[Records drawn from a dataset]
★ ★ ★ ★

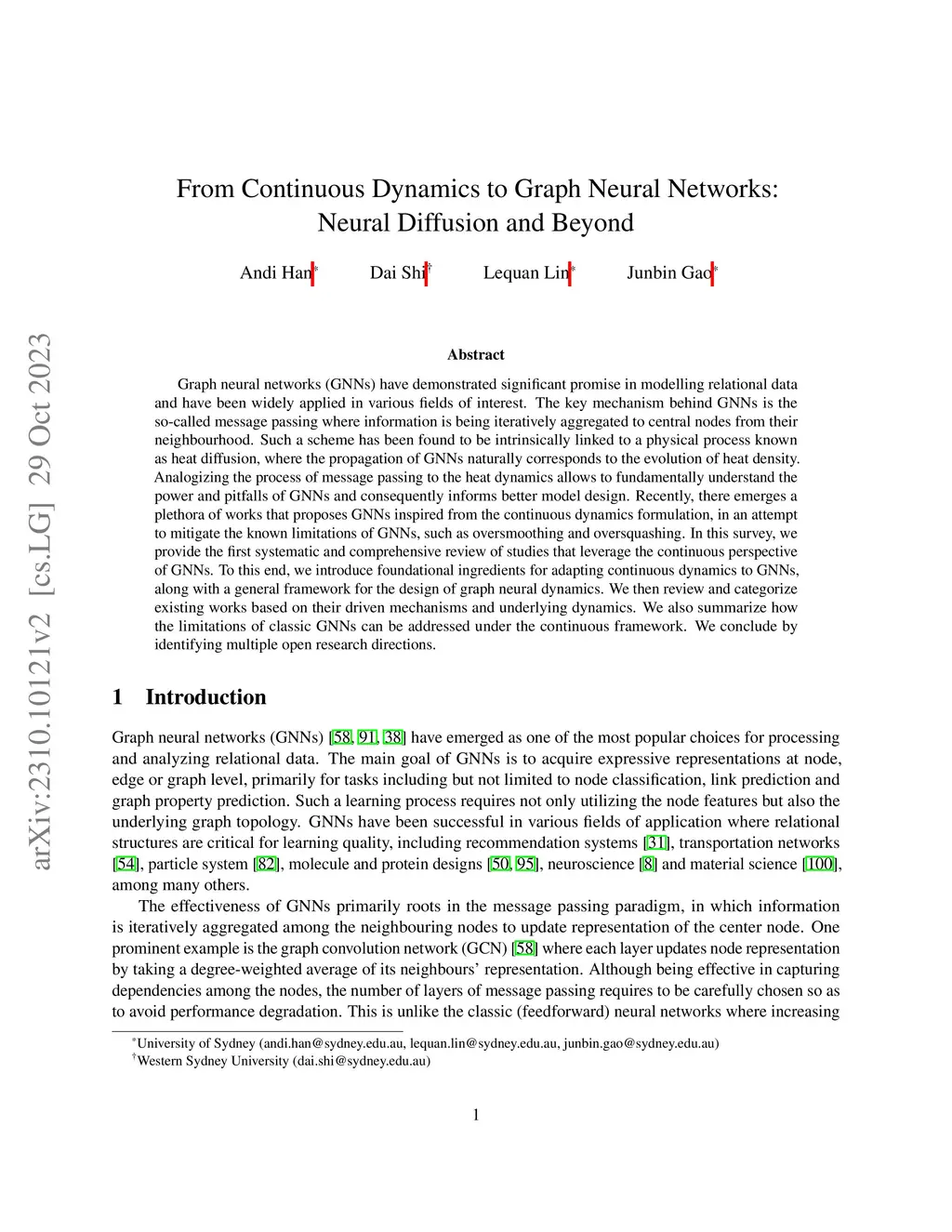 From Continuous Dynamics to Graph Neural Networks: Neural Diffusion and
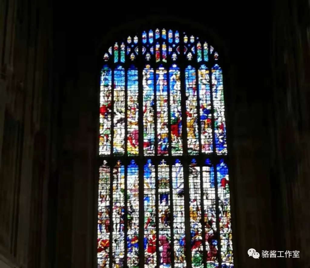 特别喜欢这些窗户上的花纹! 色彩斑斓的超精致啊!!! 这个窗户上, 用多彩的玻璃, 砌成了很多故事。 试想一下, 晴天, 阳光从玻璃窗上照射进来, 斑驳的光影, 如梦如幻; 夜晚, 透过花窗放射出去的彩光, 宛如星辰。 反正本骆就只看出来最上边的那个, 是耶稣受难的故事!
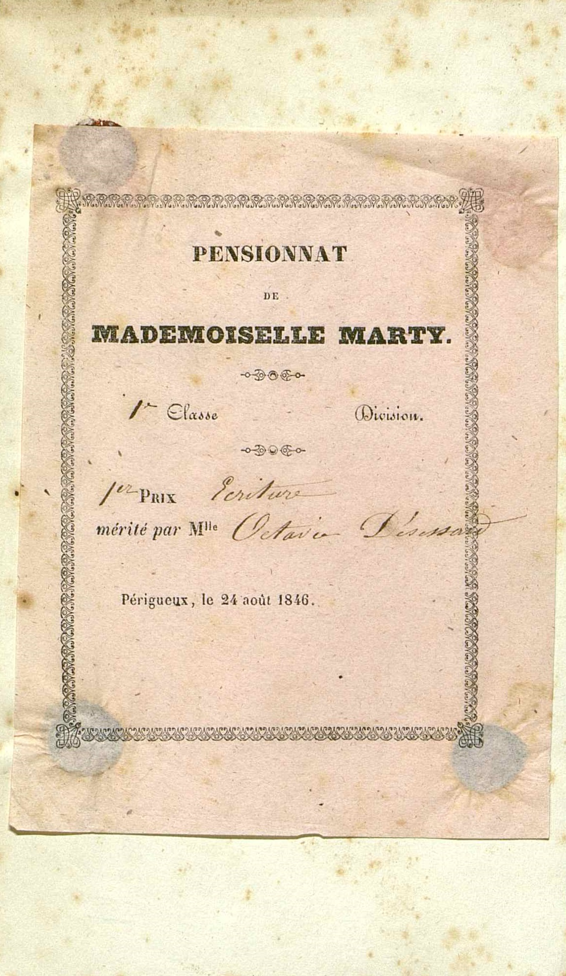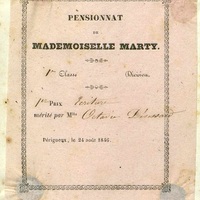 Imprimé à remplir émanant du Pensionnat de Mademoiselle Marty. Premier prix d'écriture mérité par Octavie Desissard.
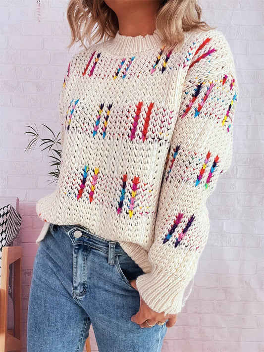 Colorful Round Neck Long Sleeve Sweater
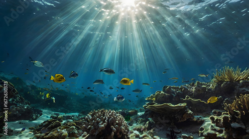 Fototapeta premium Spectacular view of a sunlit coral reef with a school of diverse tropical...
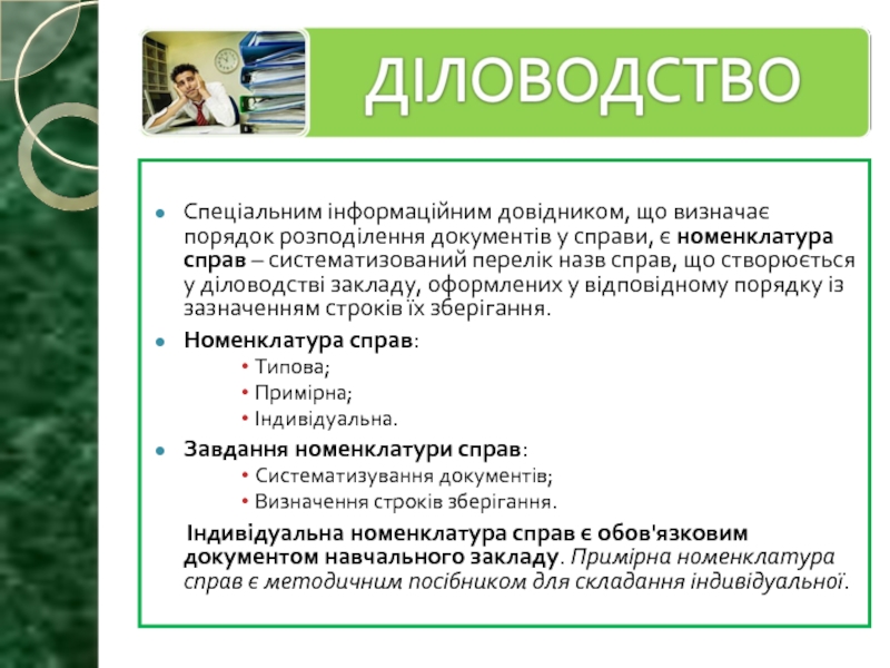 Номенклатура справ та формування документів у справи
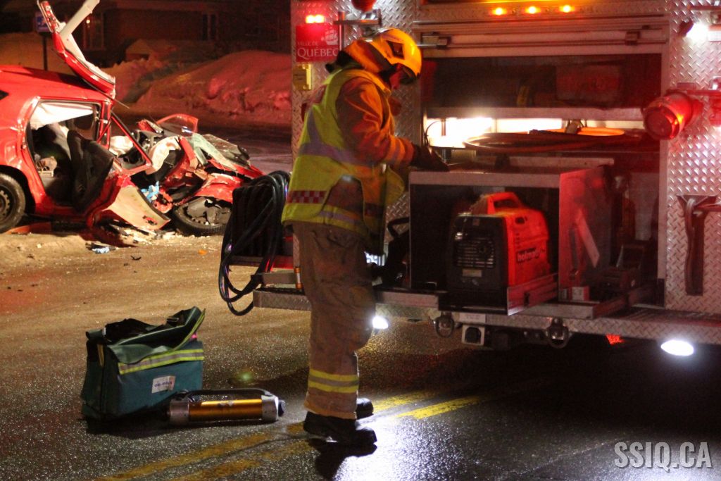 Sur place l'officier du 208 constate que deux victimes sont toujours dans le véhicule. Le 204 est alors également ajouté au dossier pour avoir un deuxième ensemble de mâchoire.

★ ★ ★ ★

Work task: From the first line to the last, return the records exactly and leave the pictures behind.

Answer to this task:
 From Continuous Dynamics to Graph Neural Networks: Neural Diffusion and
 特别喜欢这些窗户上的花纹! 色彩斑斓的超精致啊!!! 这个窗户上, 用多彩的玻璃, 砌成了很多故事。 试想一下, 晴天, 阳光从玻璃窗上照射进来, 斑驳的光影, 如梦如幻; 夜晚, 透过花窗放射出去的彩光, 宛如星辰。 反正本骆就只看出来最上边的那个, 是耶稣受难的故事!
 Imprimé à remplir émanant du Pensionnat de Mademoiselle Marty. Premier prix d'écriture mérité par Octavie Desissard.
 Colorful Round Neck Long Sleeve Sweater
 Fototapeta premium Spectacular view of a sunlit coral reef with a school of diverse tropical...
 Номенклатура справ та формування документів у справи
 Sur place l'officier du 208 constate que deux victimes sont toujours dans le véhicule. Le 204 est alors également ajouté au dossier pour avoir un deuxième ensemble de mâchoire.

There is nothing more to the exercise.